Hon Hai Precision Industry Co (鴻海精密) chairman Terry Gou (郭台銘) yesterday said the company is helping Sharp Corp cut its overseas retail joint ventures as part of efforts to improve the troubled Japanese company’s operations.
“Sharp has its financial problems... Once we officially join the company’s board next month, we will carry out a series of measures to help Sharp make a turnaround as soon as possible,” Gou told shareholders during Hon Hai’s annual general meeting at its headquarters in Tucheng District (土城), New Taipei City.
Gou said Hon Hai vice chairman Tai Jeng-wu (戴正吳) is to attend Sharp’s annual general meeting today, with shareholders expected to approve his appointment as the Japanese firm’s president.
Photo: CNA
Japanese media reported that Hon Hai and its subsidiary, Foxconn Technology Co (鴻準) — which hold a combined 66 percent stake in Sharp — are expected to secure six of Sharp’s nine board seats at the meeting today.
In a bid to lower Sharp’s operating costs, Gou said he plans to withdraw all of Sharp’s investments in joint-venture retail channels overseas, such as Sharp’s joint venture with Taiwanese consumer electronics maker Sampo Corp (聲寶).
Gou said Sharp has too many joint ventures or subsidiaries in overseas markets, and his plan is to help Sharp directly reach consumers in foreign markets instead of through other retailers.
Gou said he is negotiating with the representatives of Roxy Electric Co Ltd — the cofounder of Sharp’s joint venture Sharp Roxy Ltd in Hong Kong — to persuade the firm to dissolve the joint venture.
Sharp does not rule out taking legal action against Roxy Electric to regain its right to sell its products in Hong Kong, he said.

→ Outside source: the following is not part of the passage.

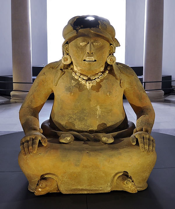 - Змея вокруг талии — возможная отсылка к змеевидной богине Сиуакоатль. Она ассоциировалась не только с войной, жертвоприношениями и политической властью, но и с плодородием, родами и акушерством[7].

Gou said he aims to accelerate Sharp’s research and development process, turning its patented technologies into commercial products with the aid of Hon Hai’s manufacturing capability, lowering its manufacturing costs and raising its competitiveness.
After Hon Hai officially joins Sharp’s management team next month, the century-old Japanese company will start to evaluate employees’ individual performance instead of as a team like the company used to do, Gou said.
Employees who fail to reach their performance goal will be asked to leave, regardless of their rank or seniority, Gou said, dismissing concern over the departure of a high-ranking Sharp official to join another Japanese flat-panel company as the official is a semiconductor professional, but not a panel expert.
Tai, who also attended Hon Hai’s meeting, told shareholders that after he takes office in Sharp, he plans to set up an overseas headquarters in Shenzhen, China, to be closer to Hon Hai’s manufacturing hub in Asia.
Commenting on the new government’s “New Southbound Policy,” Gou said that Hon Hai has been investing in Southeast Asian countries for at least three years, as the company has to expand its overseas scope due to Taiwan’s limited market demand.
However, Gou added that it would be “unwise” for the government to give up investment opportunities in China, because the country is culturally and geographically close to Taiwan.